_Task details:_
Print only the lines below, from the very first to the one containing "(douche, baignoire, WC).", exactly as they stand. Do not print pictures.

Data records:
▼▼▼

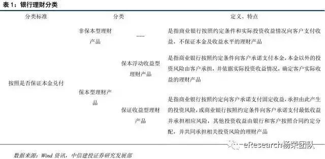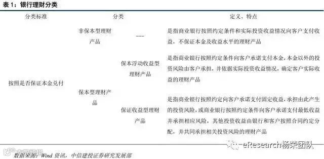 商业理财已经发展了十多个年头,发展极为快速,近五年年复合增长率超过40%。截止今年六月底,银行理财余额已经达到26.28万亿元。按照最新征求意见稿,商业银行理财产品有多种分类,分别按照是否保证本金兑付、是否估值和存续期是否开放等标准。这里我们重点考察是否保证本金兑换的分类标准。按照知否保证本金兑换,商业银行理财产品可以分为非保本型理财产品以及保本型理财产品,保本型理财产品又可以细分为保本浮动收益型理财产品,保证收益型理财产品两类。其中保本型理财产品属于表内理财,一般作为结构性存款,非保本型理财算作表外理财,也就成为了银行将信贷资产出表的一大利器。
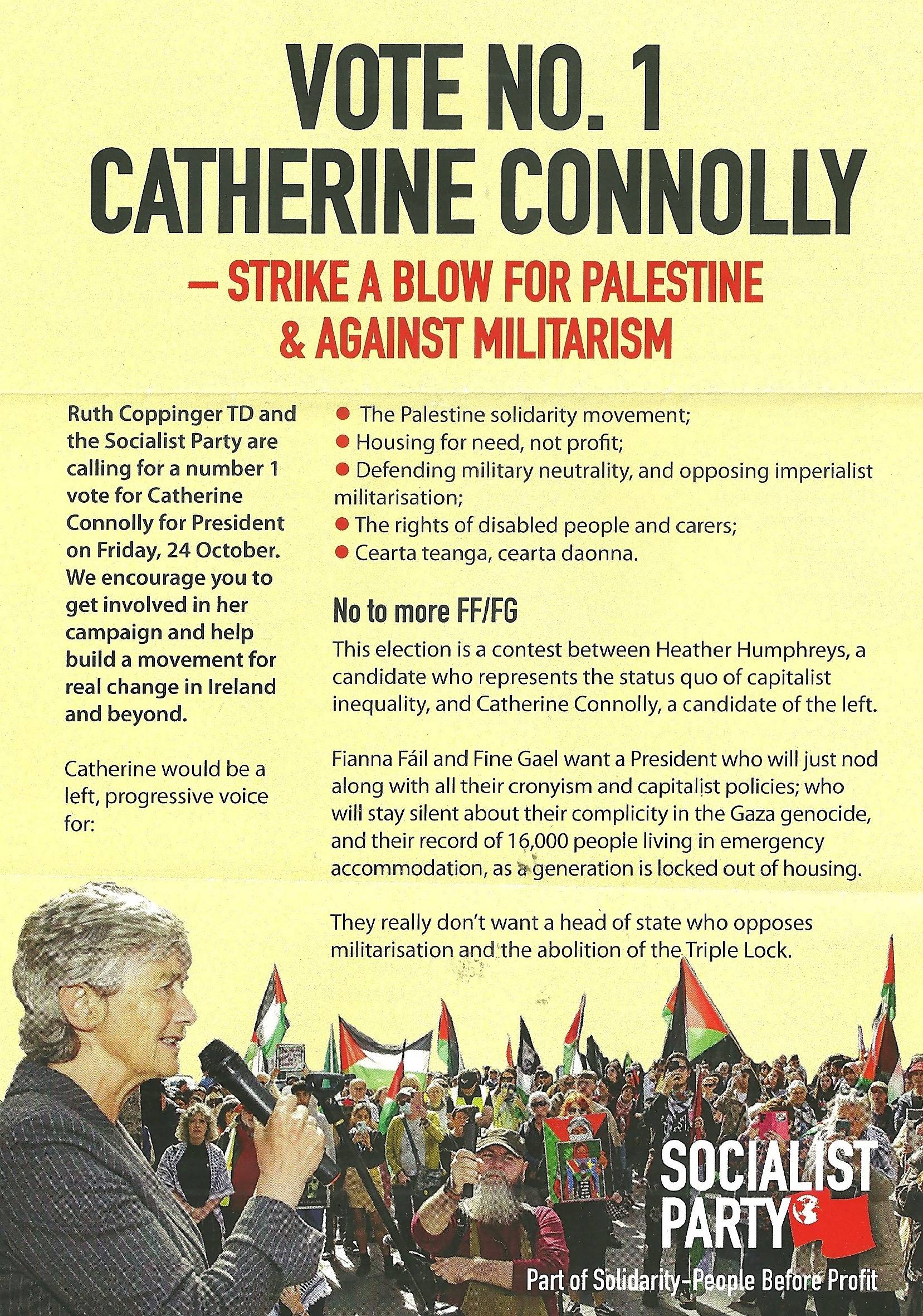 A Leaflet from Catherine Connolly who is running as an Independent in the 2025 Presidential Election.
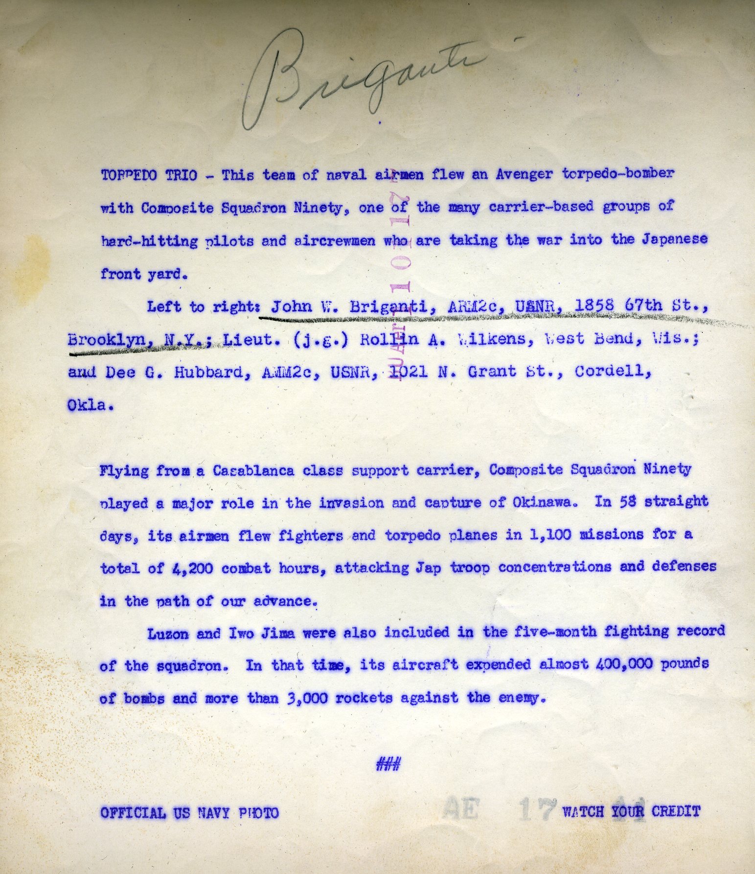John Newlin, son of LT(JG) John "Jack" Newlin Larger copy and caption submitted by Charles S. Garufi for his friend, John W. Briganti, AMR2/c, USNR |
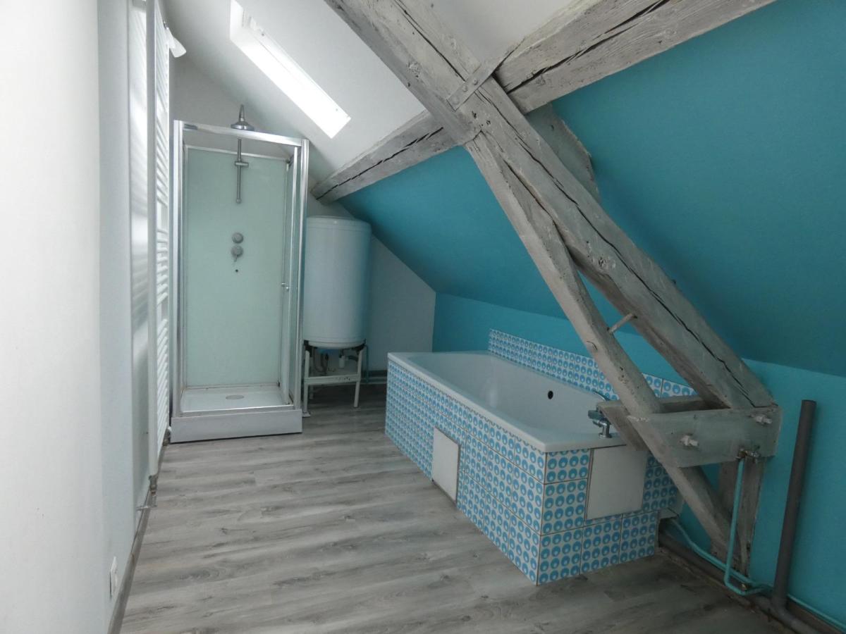 * Etage : palier, 2 chambres, salle de bains (douche, baignoire, WC).
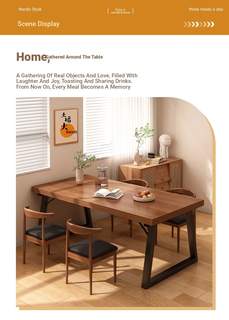 A table of six chairs 55.12in*23.62in spruce walnut color table
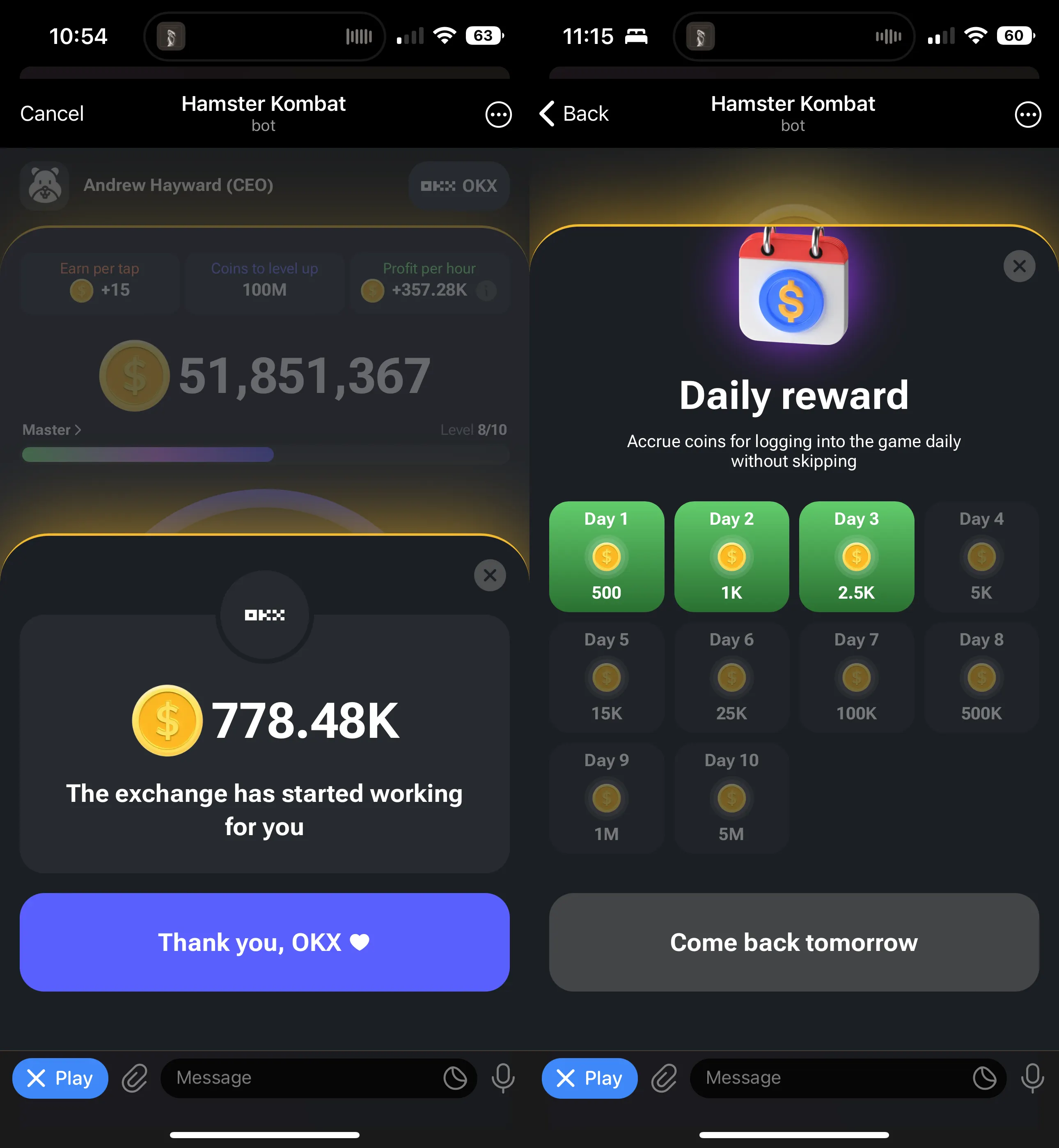 Por supuesto, necesitarás jugar regularmente para maximizar tus ingresos pasivos. Hamster Kombat solo seguirá acumulando monedas gratuitas mientras estés desconectado durante un total de tres horas. Después de eso, las monedas dejarán de llegar hasta que abras el juego, reclames tus ganancias acumuladas y reinicies el contador. Afortunadamente, solo toma unos segundos y luego puedes volver a salir.
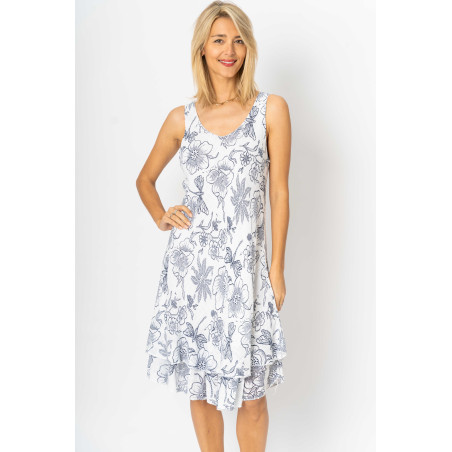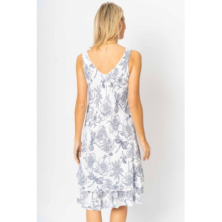 Sleeveless New Flower Print Dress. V-neck front and back. Fully lined with double layer at the showing at hem.
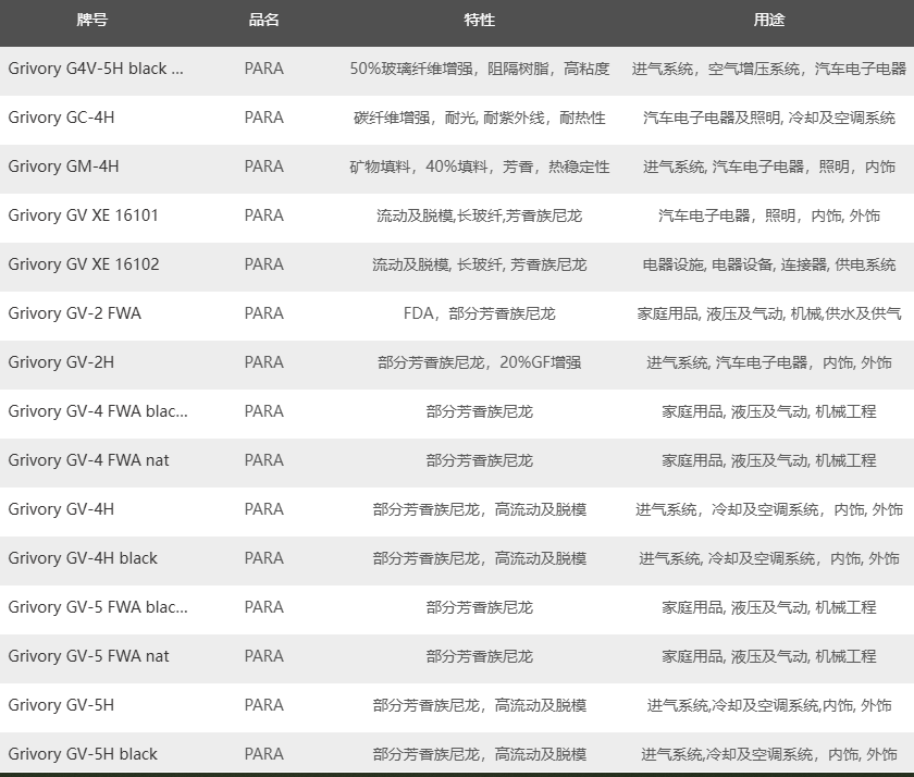 瑞士-EMS Grivory PARA半芳族尼龙树脂主要产品牌号与典型应用:
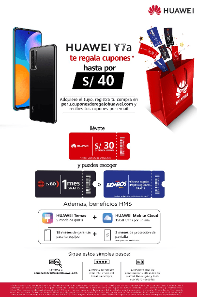 Hasta el 21 de febrero, Huawei ofrece cupones de descuento de hasta S/40. Los compradores del nuevo Y7a recibirán un cupón de descuento de S/30 en su tienda virtual y podrán elegir entre un cupón por un mes gratis de suscripción en América TV GO o un cupón para un combo personal en Bembos.

▲▲▲

_Solution for this problem:_
 商业理财已经发展了十多个年头,发展极为快速,近五年年复合增长率超过40%。截止今年六月底,银行理财余额已经达到26.28万亿元。按照最新征求意见稿,商业银行理财产品有多种分类,分别按照是否保证本金兑付、是否估值和存续期是否开放等标准。这里我们重点考察是否保证本金兑换的分类标准。按照知否保证本金兑换,商业银行理财产品可以分为非保本型理财产品以及保本型理财产品,保本型理财产品又可以细分为保本浮动收益型理财产品,保证收益型理财产品两类。其中保本型理财产品属于表内理财,一般作为结构性存款,非保本型理财算作表外理财,也就成为了银行将信贷资产出表的一大利器。
 A Leaflet from Catherine Connolly who is running as an Independent in the 2025 Presidential Election.
John Newlin, son of LT(JG) John "Jack" Newlin Larger copy and caption submitted by Charles S. Garufi for his friend, John W. Briganti, AMR2/c, USNR |
 * Etage : palier, 2 chambres, salle de bains (douche, baignoire, WC).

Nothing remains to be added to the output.